Saturday, February 16, 2013

Ms. Wannabe Strikes Again

I have had a hateraide filled last twenty four hours. A girl known as Ms. Wannabe has struck again. Lets just say the foul bitch has stepped over the line. I don't want to get into detail about what happened because why? I know it was pointed at me. I mean, the whore made a video where she had a character that had the name April getting her head beaten in. Not to mention since I have been binge video making she is starting the same shit. I know, scary right? Part of me is scared and knows I have to watch my back against her.

I don't know what is more foul. The fact this cunt face has ripped down the posters at the club I perform at. The fact she would put up a video when I did. The fact she spread rumors that I was drinking again and stalking her which wasn't true, and then had the nerve to corner me at a painfully terrible pAArty to pick my brain about my ex as she bragged about her drug use. (For the record, I am not a stalker. That involves focus.) Then she had the nerve to say that I was bad mouthing her boyfriend. Meanwhile the bitch is ripping off my wardrobe. Not to mention whenever I put out a video she feels the need to put out one. Oh and she and my ex's psycho mama were talking shit about me on a very public site. Now she is copying my binge video making and made a video where a girl named April was getting her head beaten in, oh and it was filmed in my ex's room. And on top of that she is talking about writing a book. And the whore got on a TV show that I was on and talked about all this money I got which was a LIE!

I would be a fool to ignore this. She clearly wants to be me and it is scary. I have done nothing to this woman except once upon a time I dated her asshole boyfriend. Whateveski.

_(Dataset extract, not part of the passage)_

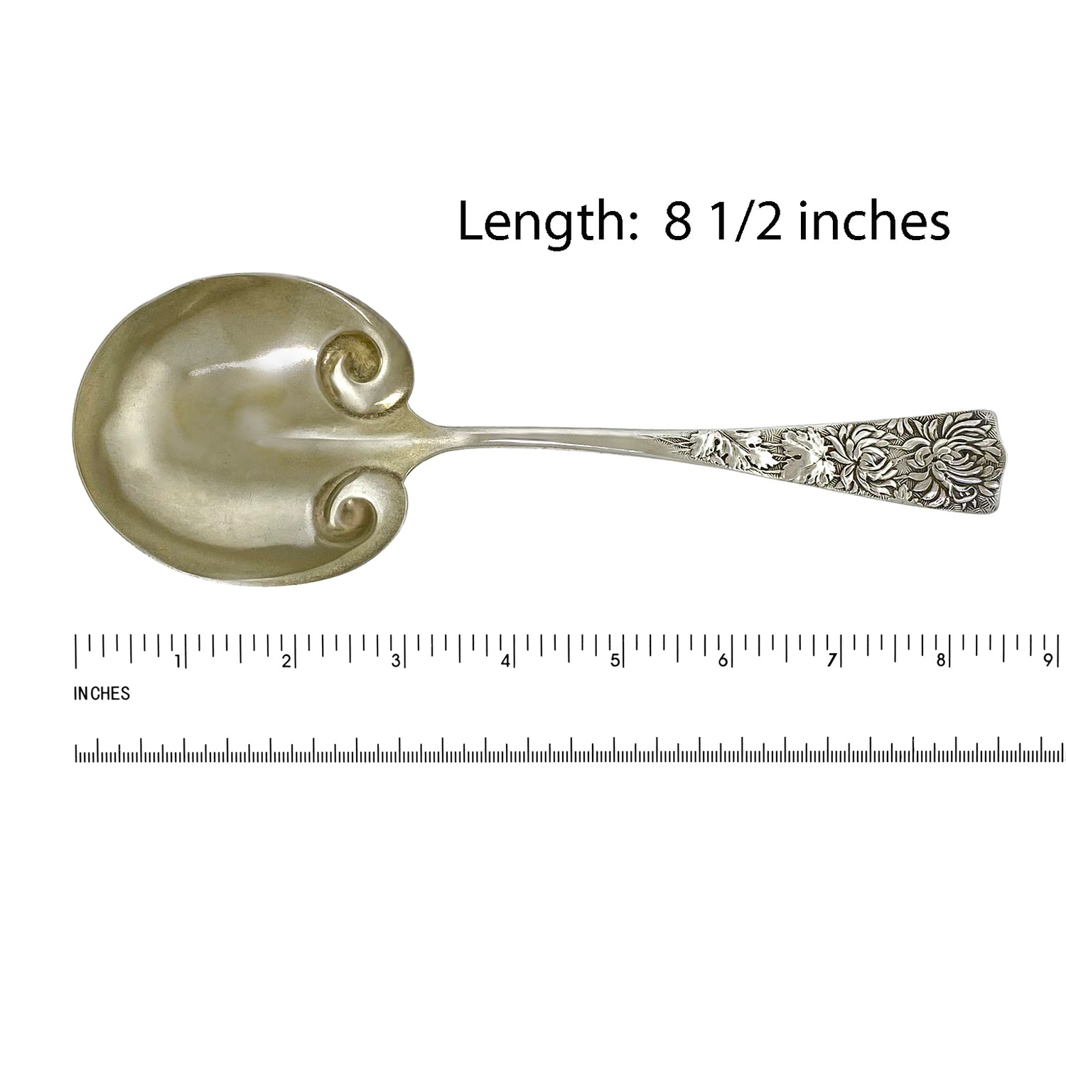 Circa 1885, Sterling, by George W. Shiebler. Excellent condition with no monogram in the beautiful Chrysanthemum pattern. Light gold wash on the bowl.

Yesterday I was pissed with her. So pissed I almost sent my followers after the cow. Yes, I have eight times as many followers as that cow. Oh and her latest is that she is trying to work out. Did I mention she is weight training and kickboxing, two activities I like? Yes, that cow has just jumped over the moon and landed on my bad side. Yesterday I was stewing like hell and wanted to send some friends to beat her ass too. She doesn't know who I know. She messed with the wrong person. Plus bitch is such a poser. She brags about being caught for shoplifting. You were caught you dumb ho. Plus the one who is caught and brags usually was the dumb fall kid who was made to hold the stuff. My friend Chacho filled me in on that crap when she started her shade. Not to mention she claims she is poor when both her parents are well educated and her aunt is a millionaire.

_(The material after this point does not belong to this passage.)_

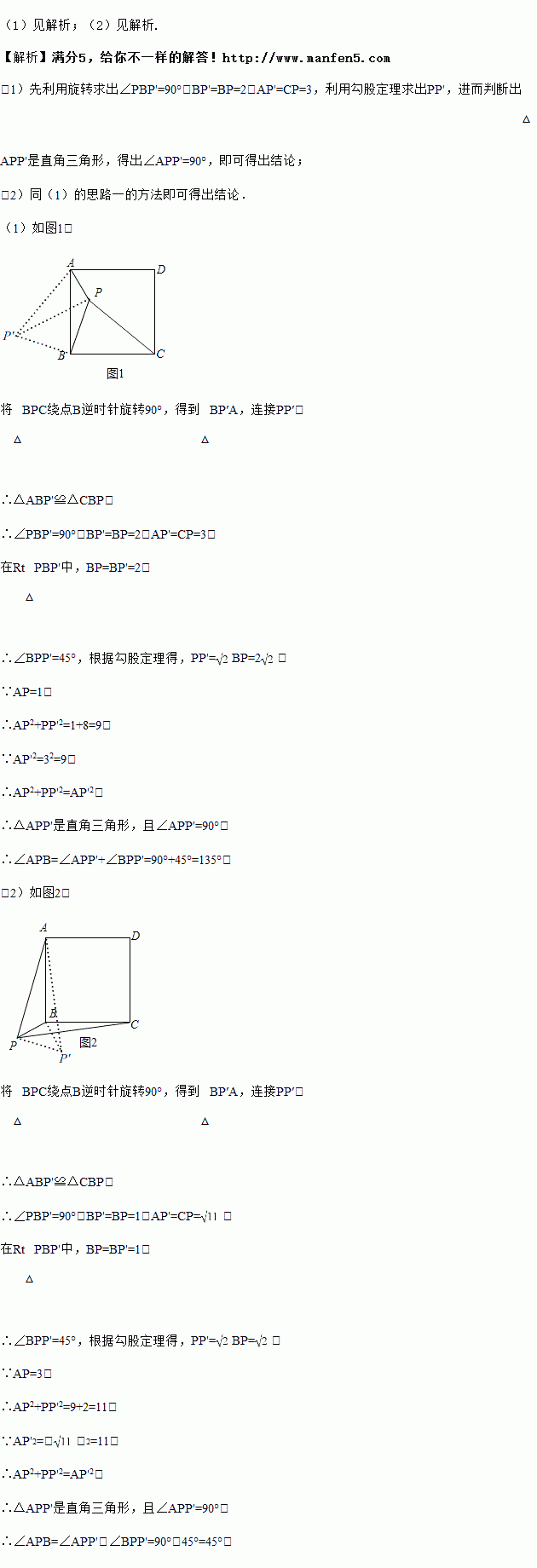 思路二:将△APB绕点B顺时针旋转90°,得到△CP'B,连接PP′,求出∠APB的度数.

THEN I DECIDED SOMEONE THAT STUPID WASN'T WORTH A FELONY CONVICTION.

Being stalked in this way is emotionally damaging, especially since I have done nothing to this woman except once upon a time I dated the loser she now spreads her legs for. I don't want him, she can have him. But for some reason she has it out for me. My mother says he still pines for me. Let him. Since ending it with his ass I have dated celebrities and have been on television countless times. I would never be seen with someone that ugly in public.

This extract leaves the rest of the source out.